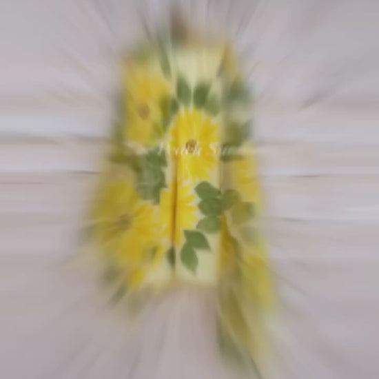 mbrace the warmth of sunshine with our handpainted sunflowers on pastel yellow crepe suit, paired with a pure silk organza dupatta adorned in golden sequins. Perfect for your haldi ceremony, this outfit radiates joy and beauty. Explore our exquisite handpainted collection and bloom with elegance.
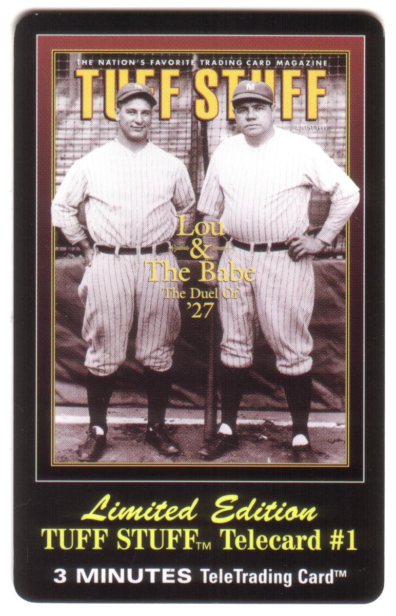 The phone card is branded as a "TUFF STUFF" telecard issued by TeleTrading Cards Inc. It is identified as "Telecard #1" within the series and has a call time of 3 minutes. The top of the card includes text referring to TUFF STUFF as "The Nation's Favorite Trading Card Magazine." The center of the card holds the title in gold-yellow text: "Lou & The Babe The Duel Of '27," highlighting the famous 1927 season that is often regarded as one of baseball's greatest.
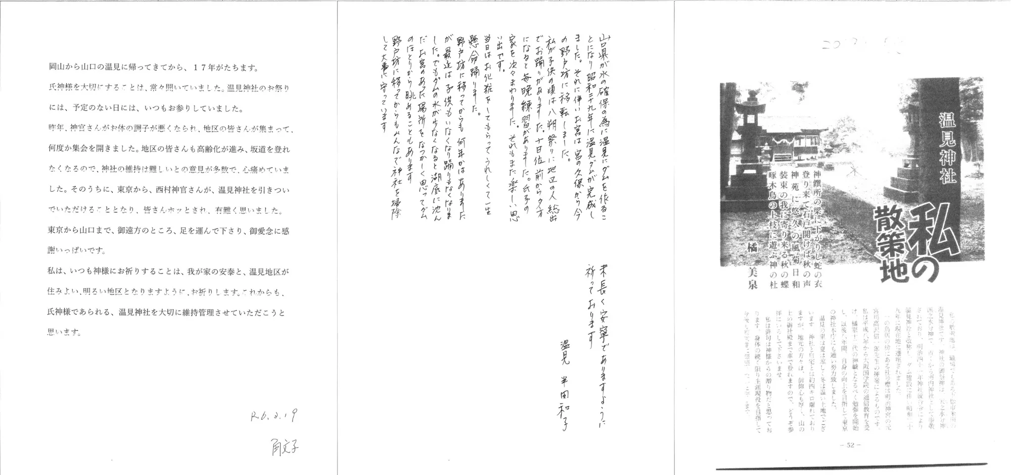 温見神社前宮司や、氏子代表、氏子の方々から温見神社への想いを綴ったお手紙を頂きました。
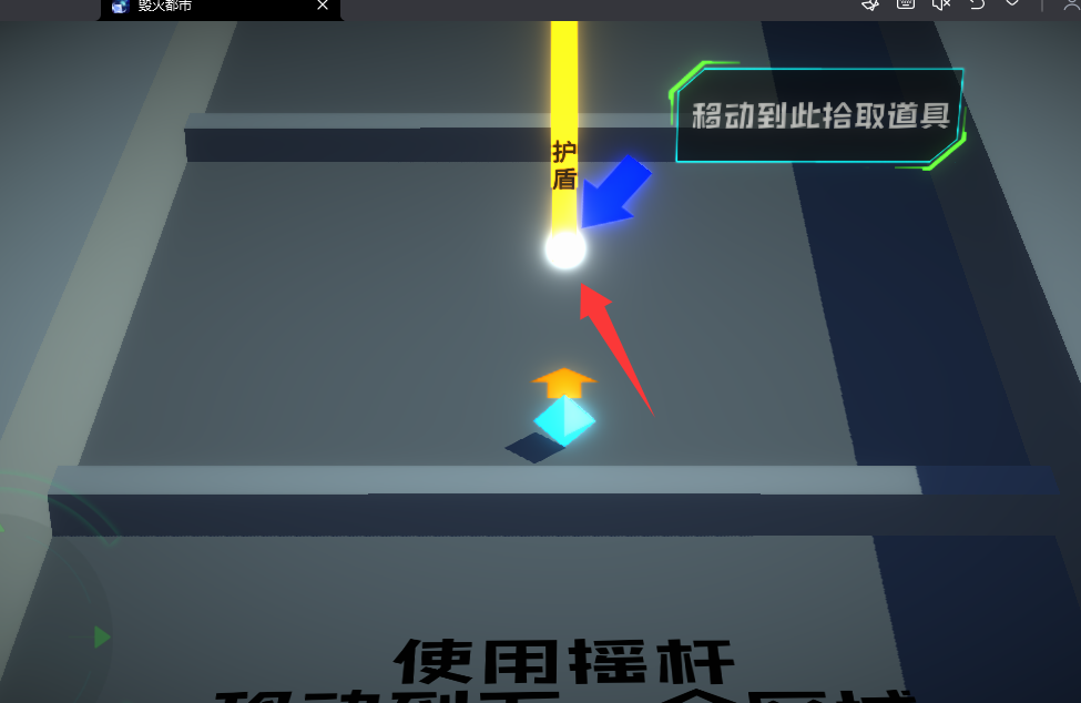 4、移动到红色箭头那里拾取护盾道具。
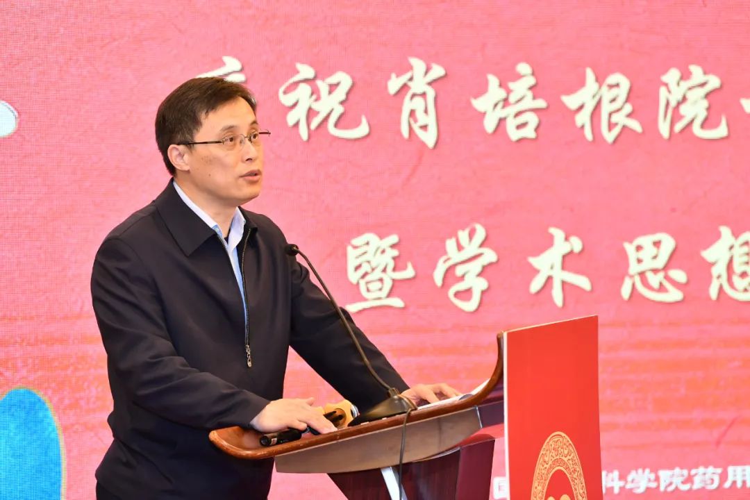 黄璐琦院士、王国辰秘书长、药用植物研究所党委书记范晓明先后致辞,表达对肖培根院士的崇高敬意和热烈祝贺。药用植物研究所所长孙晓波以《汇通古今,踏遍青山建伟业;学贯中西,纵横五洲创未来》为题,系统回顾了肖培根院士创立药用植物亲缘学、开创药用植物三级开发战略理论等方面的学术思想和开创性成就,并号召药植所师生职工弘扬和传承老一辈科学家热爱党,热爱祖国的崇高理想和信念,学习他们的精勤不倦,勇于创新的治学精神,不忘初心再图强、实事求是促发展,在建设药用植物科技创新体系核心基地征程中创造新的辉煌。
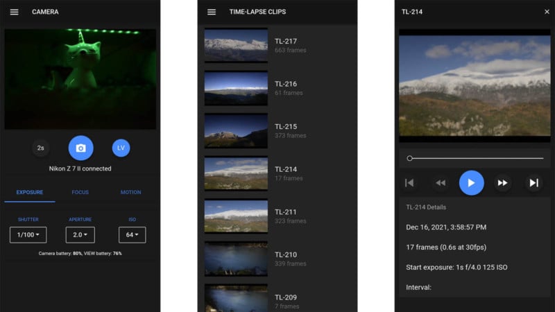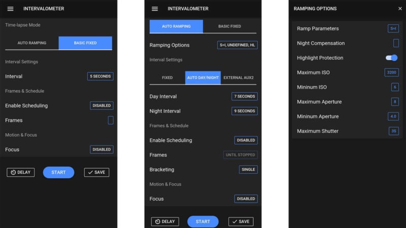 With this device, you have the ability to set different intervals for the same sequence. For example, a separate interval during daytime and another one for nighttime while checking the histogram and the exposure levels in real time. Some models have also the ability to show a low-resolution preview of the captured timelapse sequence on the device and the dedicated remote smartphone app (check images below) without having to stop capturing.

****************************************

— WORK ITEM —
An exact, picture-free copy of the entries is required.

— ANSWER BELOW —
 mbrace the warmth of sunshine with our handpainted sunflowers on pastel yellow crepe suit, paired with a pure silk organza dupatta adorned in golden sequins. Perfect for your haldi ceremony, this outfit radiates joy and beauty. Explore our exquisite handpainted collection and bloom with elegance.
 The phone card is branded as a "TUFF STUFF" telecard issued by TeleTrading Cards Inc. It is identified as "Telecard #1" within the series and has a call time of 3 minutes. The top of the card includes text referring to TUFF STUFF as "The Nation's Favorite Trading Card Magazine." The center of the card holds the title in gold-yellow text: "Lou & The Babe The Duel Of '27," highlighting the famous 1927 season that is often regarded as one of baseball's greatest.
 温見神社前宮司や、氏子代表、氏子の方々から温見神社への想いを綴ったお手紙を頂きました。
 4、移动到红色箭头那里拾取护盾道具。
 黄璐琦院士、王国辰秘书长、药用植物研究所党委书记范晓明先后致辞,表达对肖培根院士的崇高敬意和热烈祝贺。药用植物研究所所长孙晓波以《汇通古今,踏遍青山建伟业;学贯中西,纵横五洲创未来》为题,系统回顾了肖培根院士创立药用植物亲缘学、开创药用植物三级开发战略理论等方面的学术思想和开创性成就,并号召药植所师生职工弘扬和传承老一辈科学家热爱党,热爱祖国的崇高理想和信念,学习他们的精勤不倦,勇于创新的治学精神,不忘初心再图强、实事求是促发展,在建设药用植物科技创新体系核心基地征程中创造新的辉煌。
 With this device, you have the ability to set different intervals for the same sequence. For example, a separate interval during daytime and another one for nighttime while checking the histogram and the exposure levels in real time. Some models have also the ability to show a low-resolution preview of the captured timelapse sequence on the device and the dedicated remote smartphone app (check images below) without having to stop capturing.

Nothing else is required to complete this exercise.